INPUT MATERIAL:

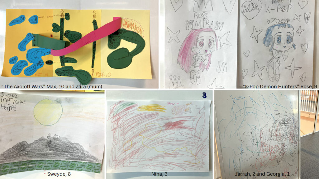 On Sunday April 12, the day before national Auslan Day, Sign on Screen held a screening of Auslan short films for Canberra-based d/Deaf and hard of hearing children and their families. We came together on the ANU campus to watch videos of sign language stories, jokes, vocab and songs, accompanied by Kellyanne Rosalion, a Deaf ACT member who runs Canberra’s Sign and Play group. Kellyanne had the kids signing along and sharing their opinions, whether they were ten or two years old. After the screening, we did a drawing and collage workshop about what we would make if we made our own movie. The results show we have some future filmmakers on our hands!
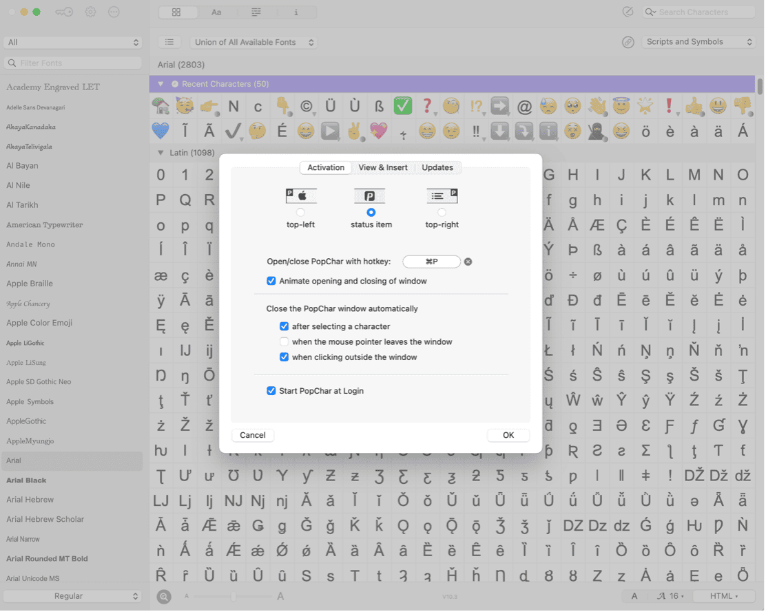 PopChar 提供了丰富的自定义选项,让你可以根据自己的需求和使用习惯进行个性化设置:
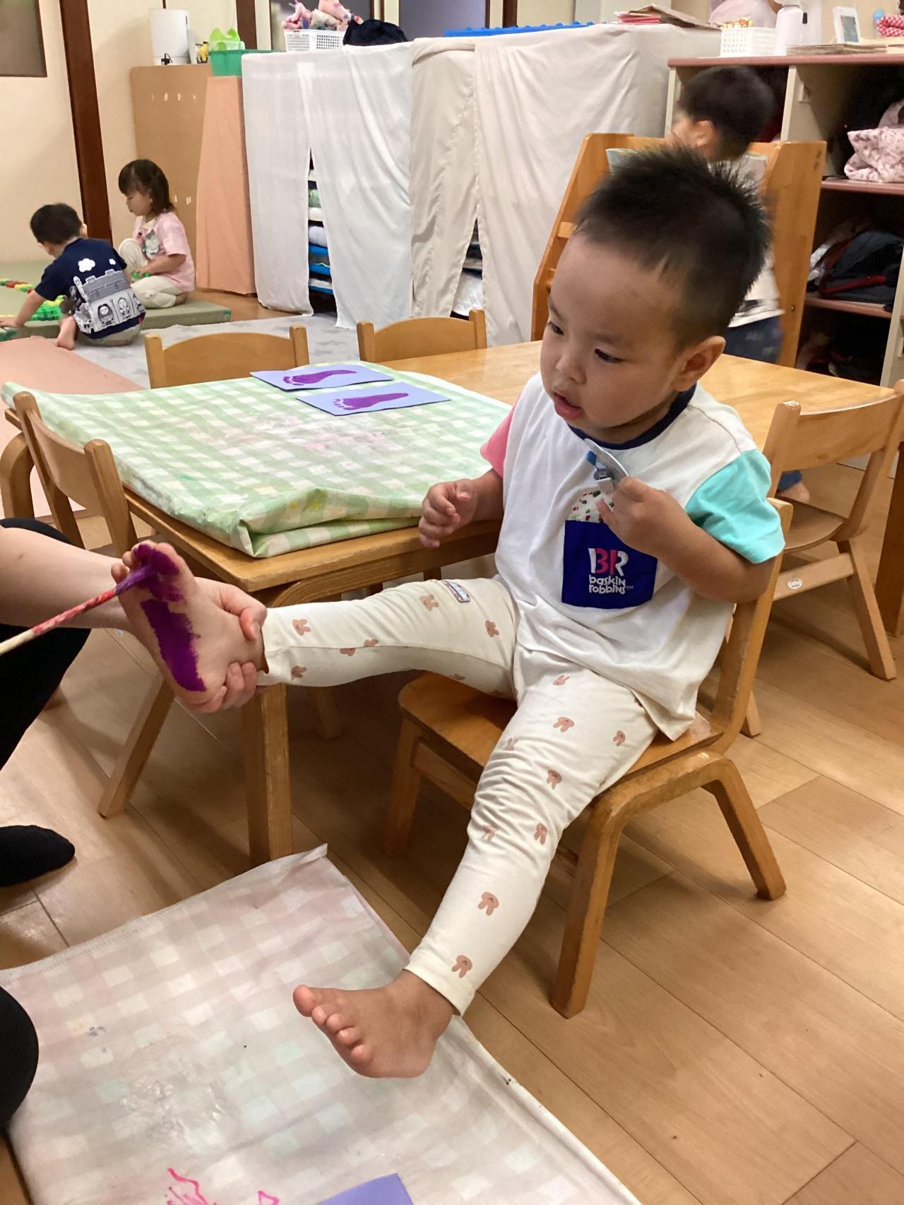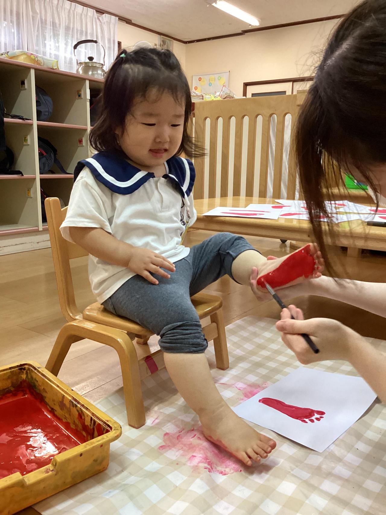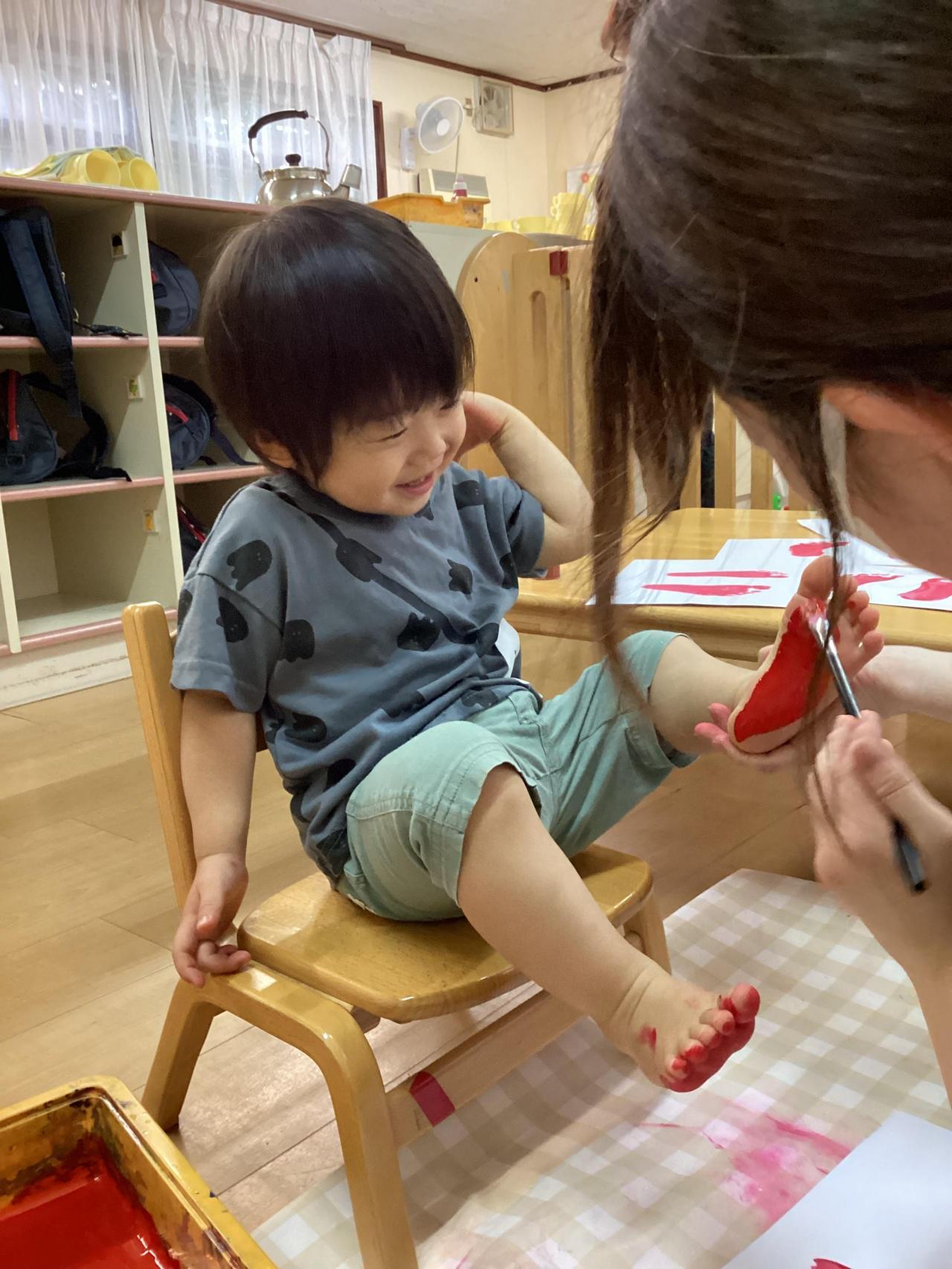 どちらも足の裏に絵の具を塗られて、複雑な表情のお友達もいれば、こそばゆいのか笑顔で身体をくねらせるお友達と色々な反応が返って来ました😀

==

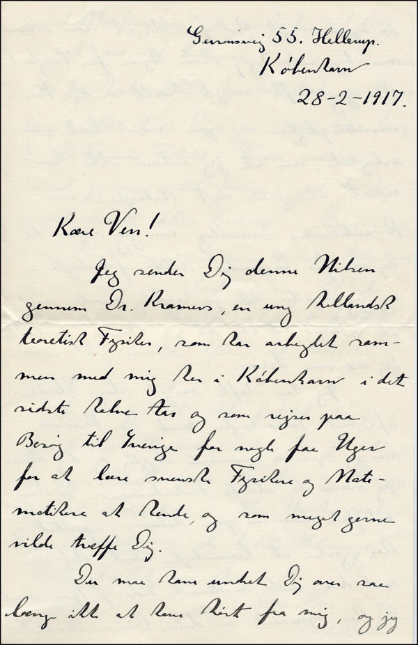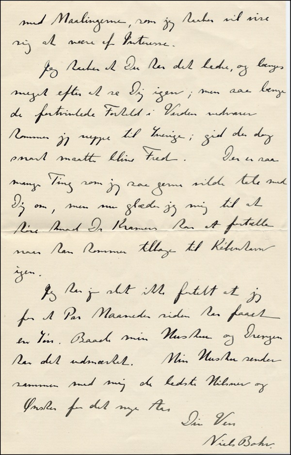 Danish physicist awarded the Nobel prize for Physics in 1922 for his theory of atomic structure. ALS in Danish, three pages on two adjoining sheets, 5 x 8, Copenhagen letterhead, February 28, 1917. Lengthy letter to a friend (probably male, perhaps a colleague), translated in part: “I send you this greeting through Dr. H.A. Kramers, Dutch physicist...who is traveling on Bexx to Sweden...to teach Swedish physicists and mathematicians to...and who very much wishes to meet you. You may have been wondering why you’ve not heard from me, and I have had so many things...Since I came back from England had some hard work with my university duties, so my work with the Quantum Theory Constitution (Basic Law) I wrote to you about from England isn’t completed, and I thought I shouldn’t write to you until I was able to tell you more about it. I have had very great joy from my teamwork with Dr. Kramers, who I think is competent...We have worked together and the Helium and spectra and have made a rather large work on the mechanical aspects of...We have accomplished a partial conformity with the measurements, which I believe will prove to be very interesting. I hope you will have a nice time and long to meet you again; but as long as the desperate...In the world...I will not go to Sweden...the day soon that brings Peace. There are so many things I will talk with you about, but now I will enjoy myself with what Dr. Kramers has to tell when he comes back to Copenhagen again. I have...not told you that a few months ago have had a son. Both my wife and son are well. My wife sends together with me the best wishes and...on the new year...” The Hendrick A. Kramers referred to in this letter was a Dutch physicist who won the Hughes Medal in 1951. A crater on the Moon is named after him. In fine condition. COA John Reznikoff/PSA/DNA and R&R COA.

--

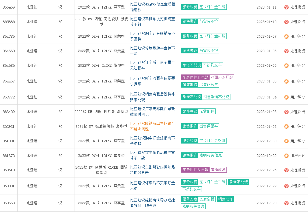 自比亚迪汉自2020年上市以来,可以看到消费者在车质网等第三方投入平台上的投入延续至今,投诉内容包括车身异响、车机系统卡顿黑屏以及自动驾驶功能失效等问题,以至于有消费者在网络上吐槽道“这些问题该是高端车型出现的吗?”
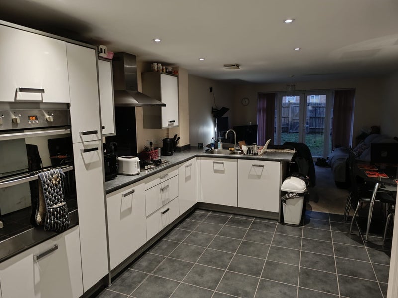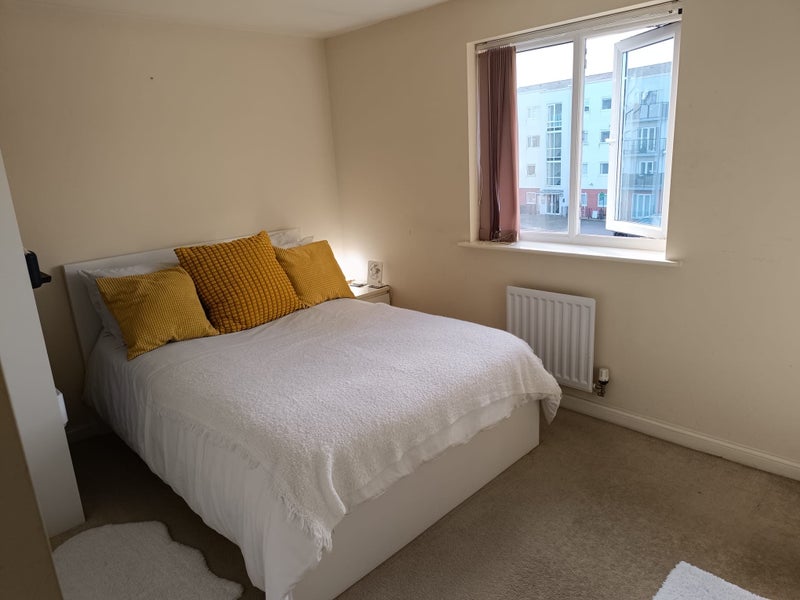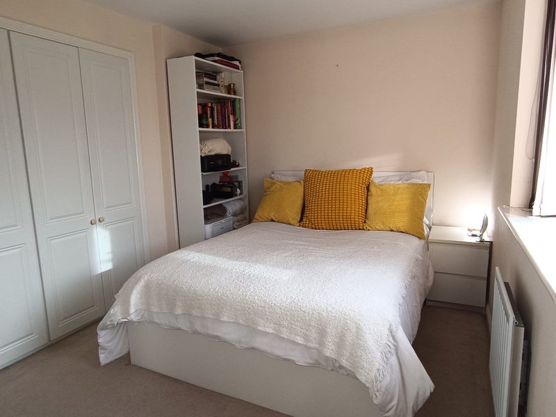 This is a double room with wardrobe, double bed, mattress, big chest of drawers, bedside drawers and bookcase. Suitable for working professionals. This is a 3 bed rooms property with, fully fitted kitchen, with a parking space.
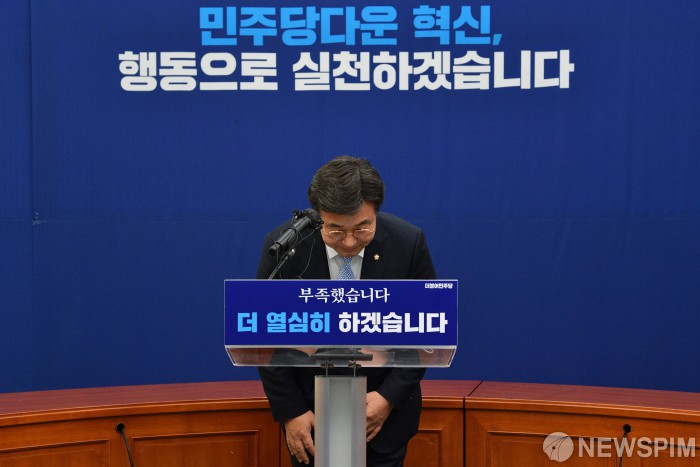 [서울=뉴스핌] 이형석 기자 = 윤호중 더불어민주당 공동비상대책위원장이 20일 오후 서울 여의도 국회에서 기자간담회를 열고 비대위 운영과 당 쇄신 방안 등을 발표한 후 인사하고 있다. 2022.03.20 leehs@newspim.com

PROBLEM REQUIREMENTS: Where a picture appears in the records above, omit it, and transcribe exactly the stretch of lines from the one with "自比亚迪汉自2020年上市以" through the one with "This is a double".

PROBLEM SOLUTION:
 自比亚迪汉自2020年上市以来,可以看到消费者在车质网等第三方投入平台上的投入延续至今,投诉内容包括车身异响、车机系统卡顿黑屏以及自动驾驶功能失效等问题,以至于有消费者在网络上吐槽道“这些问题该是高端车型出现的吗?”
 This is a double room with wardrobe, double bed, mattress, big chest of drawers, bedside drawers and bookcase. Suitable for working professionals. This is a 3 bed rooms property with, fully fitted kitchen, with a parking space.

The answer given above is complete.